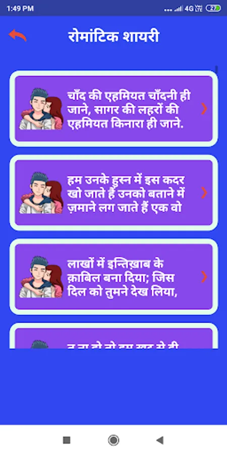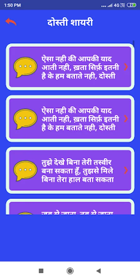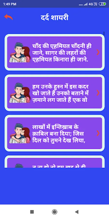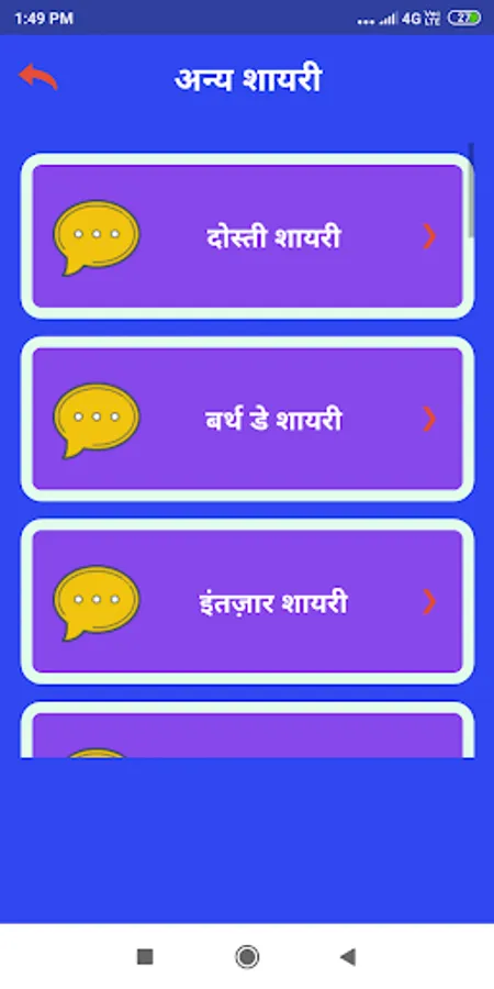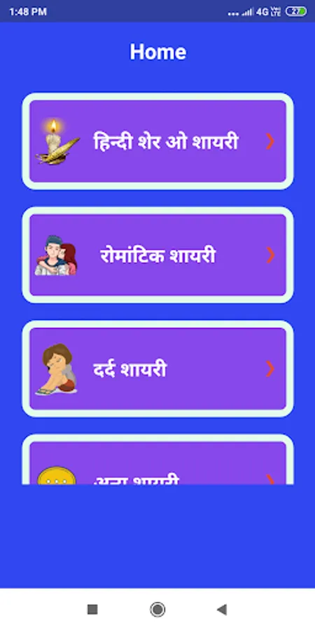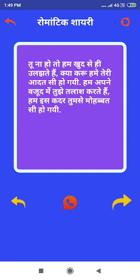 Hindi Shayari is a superb app for Hindi Shayari Lovers.
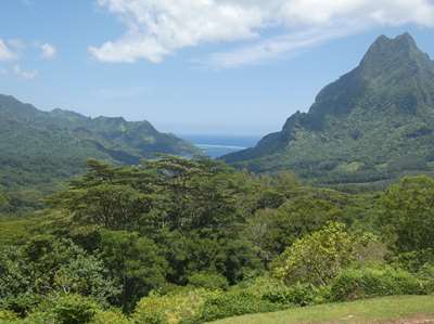 A gauche, la baie d'Opunohu
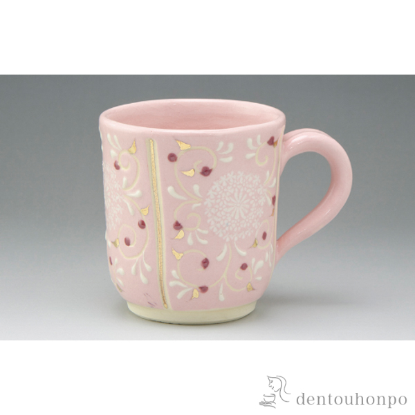 淡く優しいピンク地と白色の印華紋が良く調和したマグです。金彩が程よいアクセントになっています。
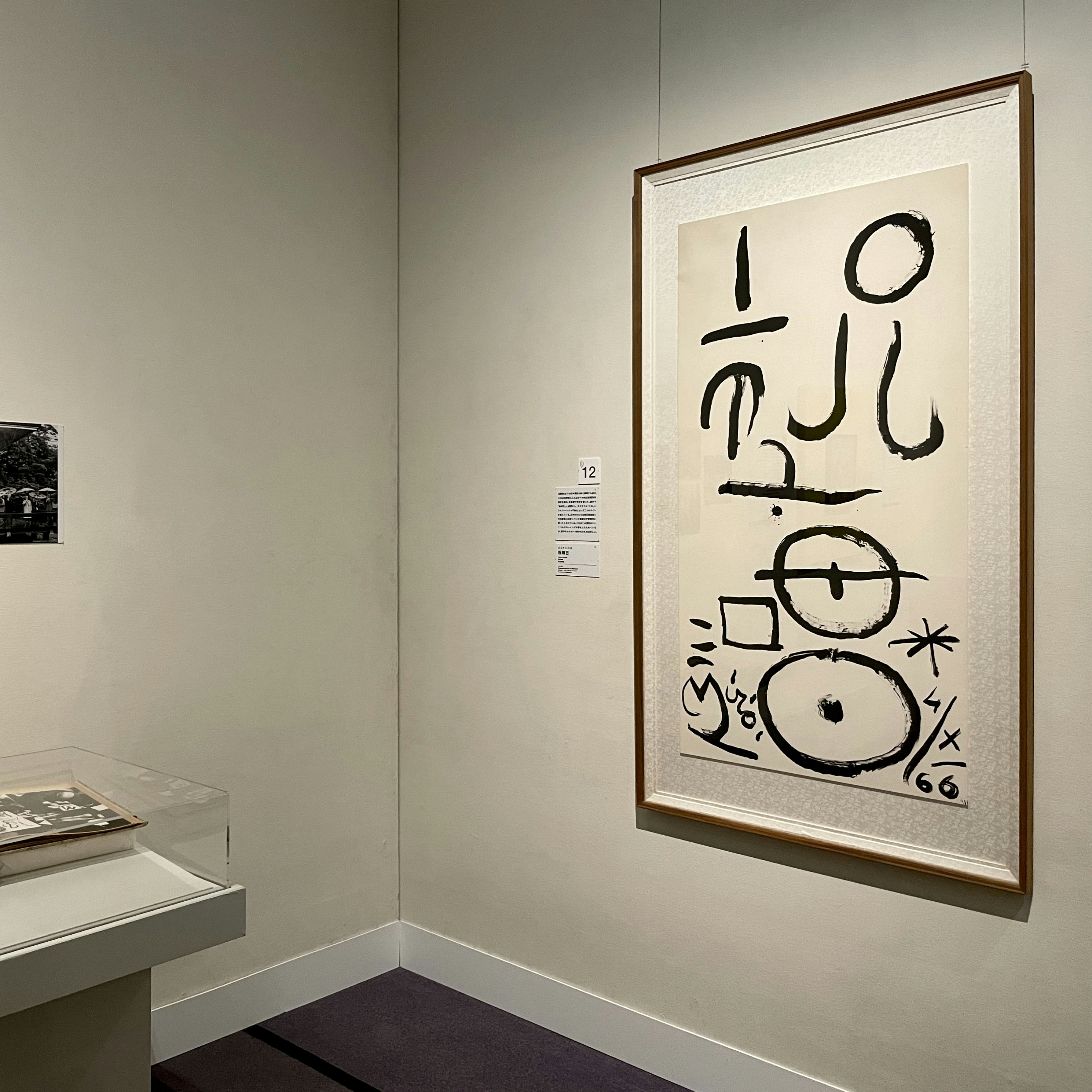 1962年に国立西洋美術館などで開催された日本初の大規模なミロ展「ミロ版画展」に続き、66年に国立近代美術館で回顧展が開催され、その開幕にあわせてミロは念願の初来日を果たした。2週間ほどの滞在中、京都・龍安寺や日本民藝館を訪問した写真資料や、毎日新聞東京本社(パレスサイドビルディング)を訪ね、建物竣工を祝った前衛書道的な作品《祝毎日》(1966)、そして69年に日本万国博覧会のためにふたたび訪日したときの関連資料などが、第5章で見ることができる。
◇ ◇ ◇ ◇ ◇
What is expected
Copy nothing but the lines from the one containing "淡く優しいピンク地と白色の印" through the last line of the listing above, transcribed exactly and with no pictures.

Result of this task
 淡く優しいピンク地と白色の印華紋が良く調和したマグです。金彩が程よいアクセントになっています。
 1962年に国立西洋美術館などで開催された日本初の大規模なミロ展「ミロ版画展」に続き、66年に国立近代美術館で回顧展が開催され、その開幕にあわせてミロは念願の初来日を果たした。2週間ほどの滞在中、京都・龍安寺や日本民藝館を訪問した写真資料や、毎日新聞東京本社(パレスサイドビルディング)を訪ね、建物竣工を祝った前衛書道的な作品《祝毎日》(1966)、そして69年に日本万国博覧会のためにふたたび訪日したときの関連資料などが、第5章で見ることができる。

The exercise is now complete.